Local authority in London, England

Newham London Borough Council /ˈnjuːəm/ also known as Newham Council, is the local authority for the London Borough of Newham in Greater London, England. The council is responsible for providing certain services within the borough. The council has been under no overall control since 8 May 2026. It has been led by a directly elected mayor since 2002. The council meets at both Newham Town Hall in East Ham and at the Old Town Hall, Stratford, and has its main offices at 1000 Dockside Road, overlooking the Royal Albert Dock.

==History==
The London Borough of Newham and its council were created under the London Government Act 1963, with the first election held in 1964. For its first year the council acted as a shadow authority alongside the area's outgoing authorities, principally being the two councils of the county boroughs of East Ham and West Ham, but also the borough councils of Woolwich (in respect of the North Woolwich area) and Barking (in respect of the Gallions Reach area). The new council formally came into its powers on 1 April 1965, at which point the old boroughs and their councils were abolished.

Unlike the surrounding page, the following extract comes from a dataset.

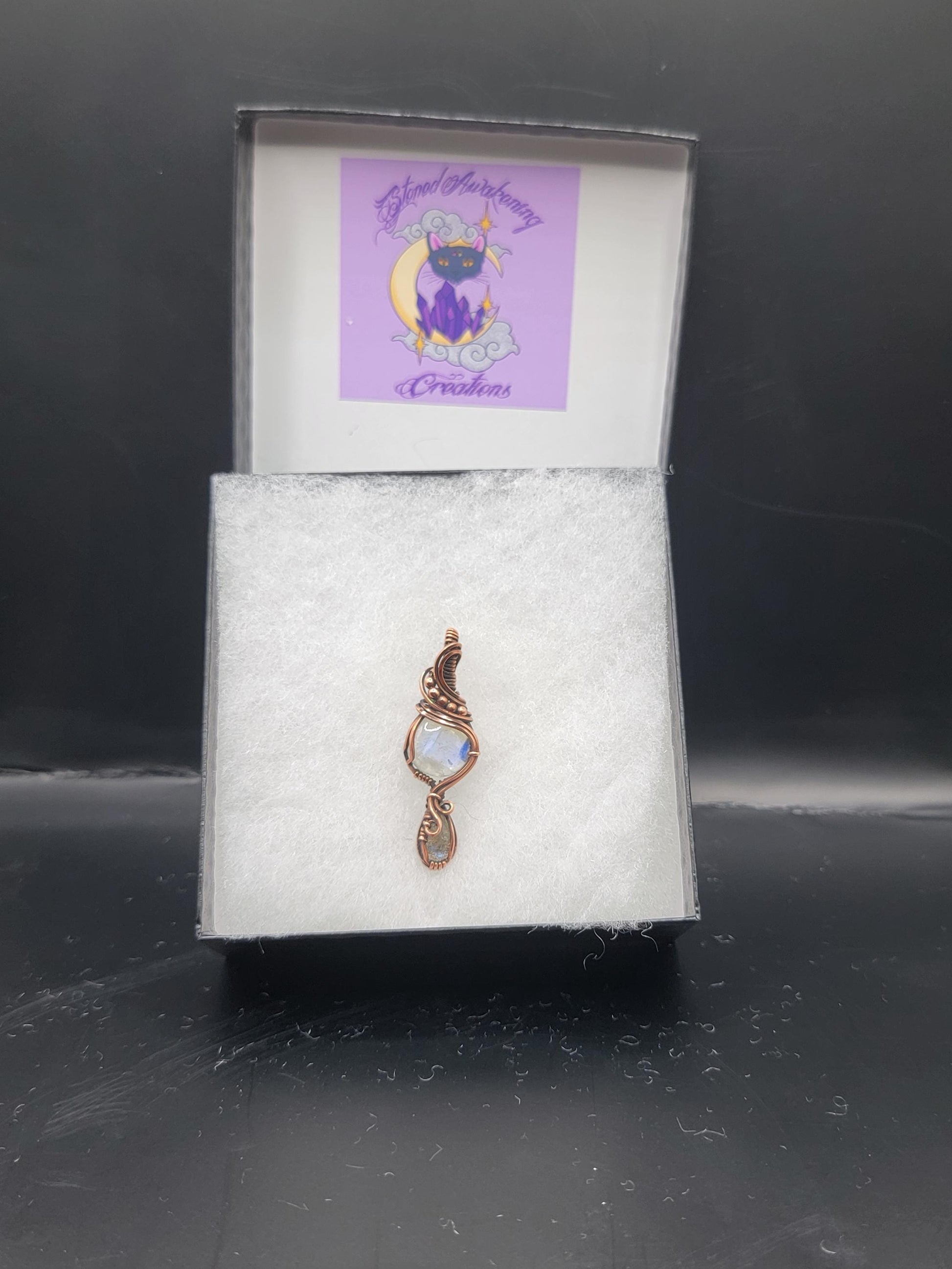 Rainbow Moonstone w/ Labradorite in Antiqued Copper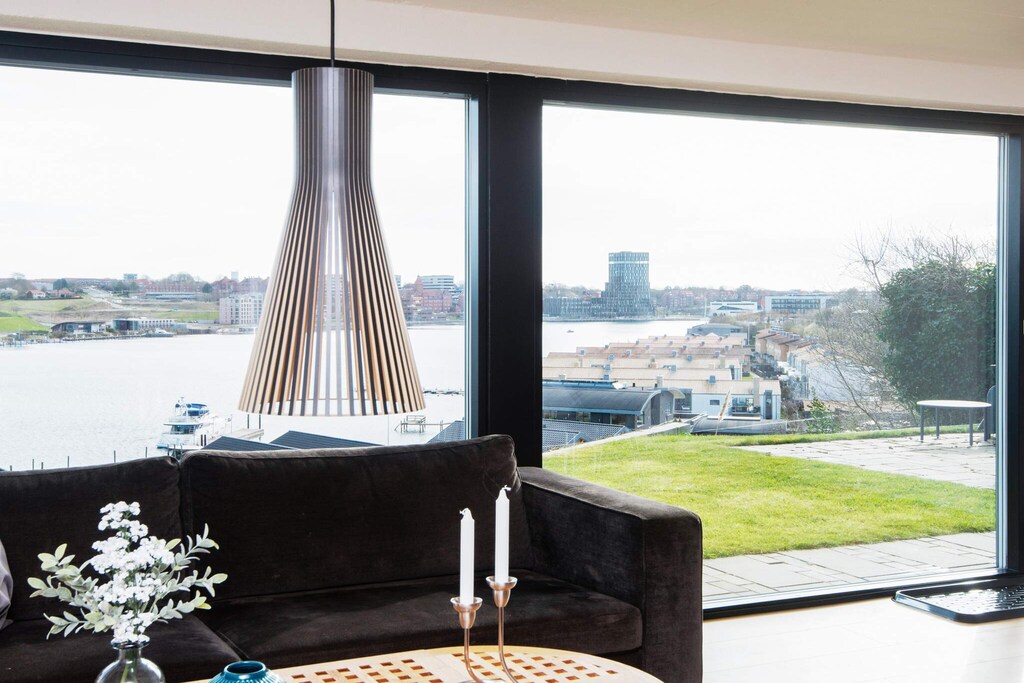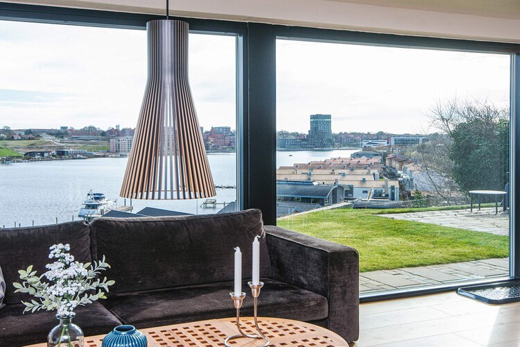 Einzigartige Luxuswohnung in attraktiver Lage mit Panoramablick auf den Alssund. Die Wohnung wurde 2020 komplett renoviert und befindet sich in ausgezeichnetem Zustand. Es gibt einen Hauswirtschaftsraum mit viel Platz für Mäntel und Schuhe, eine helle Küche mit Geschirrspüler und Backofen mit integrierter Mikrowelle, offen zum Familienzimmer und Wohnzimmer, von wo aus man einen atemberaubenden Blick auf den Alssund hat. Das Wohnzimmer verfügt über ein Sofa und einen Fernseher mit Chromecast. Es gibt ein großes Badezimmer mit Dusche und zwei schöne Schlafzimmer. Eine schöne Terrasse mit Grill und Gartenmöbeln lädt zum Grillen, Sonnenbaden und nicht zuletzt zur herrlichen Aussicht ein. Hier können Sie den Anblick vorbeifahrender Segelboote und der vielen Sportbegeisterten genießen, die in der Umgebung Kajaks und Paddleboards nutzen. Zum Schwimmen gibt es viele Möglichkeiten, z. B. liegt das Hafenbad von Sønderborg in der Nähe, und es gibt viele schöne Strände in der Umgebung, darunter auch am Schloss Sønderborg. Von der Wohnung aus haben Sie einen Blick auf das Hotel Alsik, das zahlreiche Spa- und Wellnessangebote sowie eine außergewöhnliche Gastronomie bietet. Sønderborg hat sowohl kulturell als auch historisch viel zu bieten. So sind beispielsweise die Dybbøl Mølle und das Schloss Sønderborg vom Haus aus zu Fuß erreichbar, und in Sønderborg Midtby gibt es viele Restaurants und Einkaufsmöglichkeiten. Nicht an Jugendgruppen vermietbar. Die Wohnung verfügt größtenteils über Fußbodenheizung, Strom und Wasser sind im Mietpreis inbegriffen. Eine Luft-Luft-Wärmepumpe sorgt das ganze Jahr über für ein angenehmes Raumklima.

From 1965 until 1986 the council was a lower-tier authority, with upper-tier functions provided by the Greater London Council. The split of powers and functions meant that the Greater London Council was responsible for "wide area" services such as fire, ambulance, flood prevention, and refuse disposal; with the boroughs (including Newham) responsible for "personal" services such as social care, libraries, cemeteries and refuse collection. As an outer London borough, Newham Council has been a local education authority since 1965. The Greater London Council was abolished in 1986 and its functions passed to the London Boroughs, with some services provided through joint committees.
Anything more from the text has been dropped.